Stored data:
- Opening Delimiter -

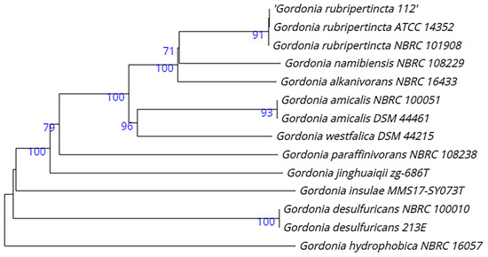 Thus, strain 112 reliably belongs to G. rubripertincta. Its closest relative is the Gordonia rubripertincta type strain ATCC14352.
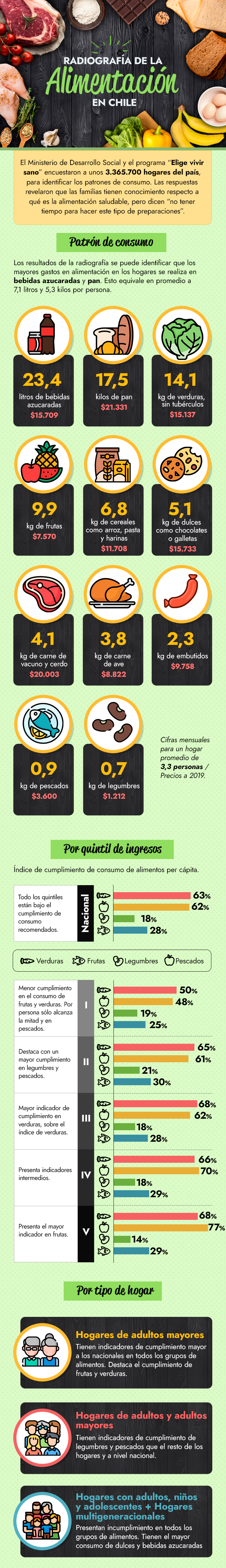 Sin embargo, el estudio también arrojó que existe una deficiencia en la dieta de los chilenos debido a que existe una brecha económica con respecto a la compra de ciertos alimentos. Un ejemplo de esto es que el primer quintil de ingresos es el que tiene menor consumo de frutas y verduras. Por el contrario, los quintiles tercero y quinto son los que más comen de estas categorías.
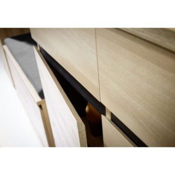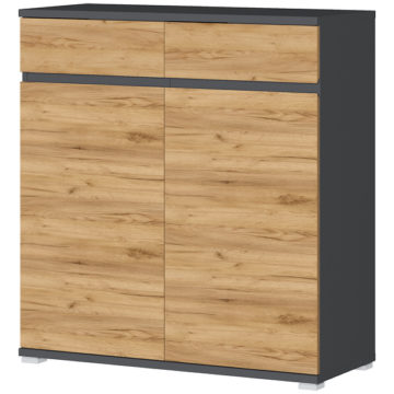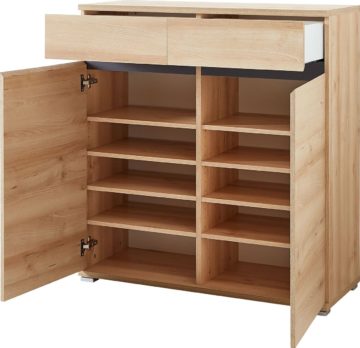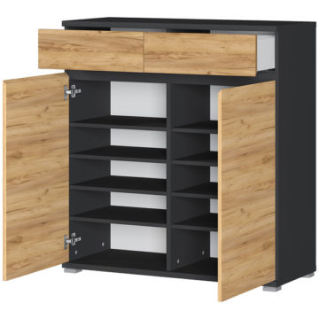 Ormarić za cipele Lissabon ima korpus i fronte od oplemenjene iverice E1 kvalitete. Ormarić uključuje dvoja vrata i dvije ladice sa sistemom mekog zatvaranja. U njemu je dovoljno prostora za 20 pari cipela. Rubovi su ABS.
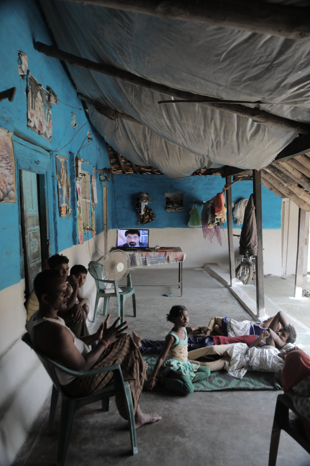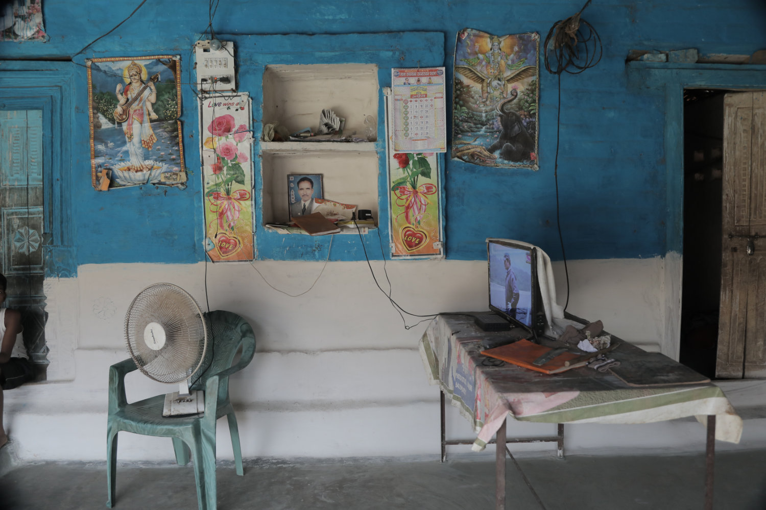 When we first saw him, R was lying on his cot just inside the front door and four or five children lay watching a Bollywood film on a mat on the floor by him. A table-fan sat fanning the entire group.
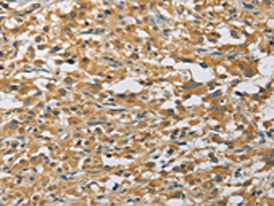 The image on the left is immunohistochemistry of paraffin-embedded Human thyroid cancer tissue using CSB-PA167583(MIP Antibody) at dilution 1/60, on the right is treated with fusion protein. (Original magnification: ×200)
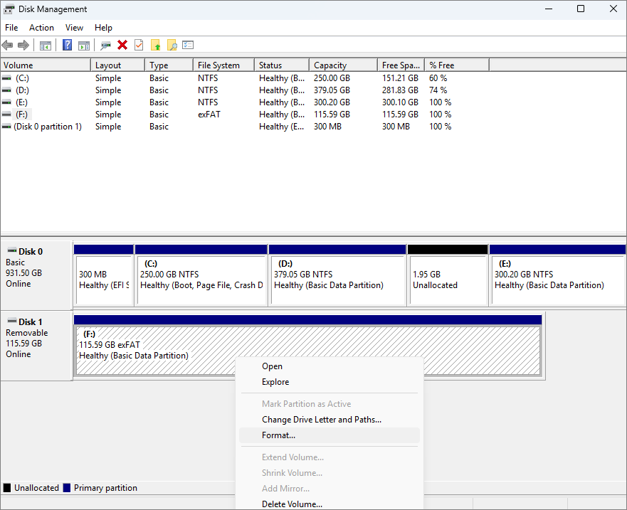 Disk Management FAT32, NTFS, exFAT 32GB max for FAT32 Moderate Built-in Windows quick fixes

- Closing Delimiter -

▶ Task to carry out:
What is needed here is an exact transcription of every record above, with images excluded.

▶ Output of the exercise:
 Thus, strain 112 reliably belongs to G. rubripertincta. Its closest relative is the Gordonia rubripertincta type strain ATCC14352.
 Sin embargo, el estudio también arrojó que existe una deficiencia en la dieta de los chilenos debido a que existe una brecha económica con respecto a la compra de ciertos alimentos. Un ejemplo de esto es que el primer quintil de ingresos es el que tiene menor consumo de frutas y verduras. Por el contrario, los quintiles tercero y quinto son los que más comen de estas categorías.
 Ormarić za cipele Lissabon ima korpus i fronte od oplemenjene iverice E1 kvalitete. Ormarić uključuje dvoja vrata i dvije ladice sa sistemom mekog zatvaranja. U njemu je dovoljno prostora za 20 pari cipela. Rubovi su ABS.
 When we first saw him, R was lying on his cot just inside the front door and four or five children lay watching a Bollywood film on a mat on the floor by him. A table-fan sat fanning the entire group.
 The image on the left is immunohistochemistry of paraffin-embedded Human thyroid cancer tissue using CSB-PA167583(MIP Antibody) at dilution 1/60, on the right is treated with fusion protein. (Original magnification: ×200)
 Disk Management FAT32, NTFS, exFAT 32GB max for FAT32 Moderate Built-in Windows quick fixes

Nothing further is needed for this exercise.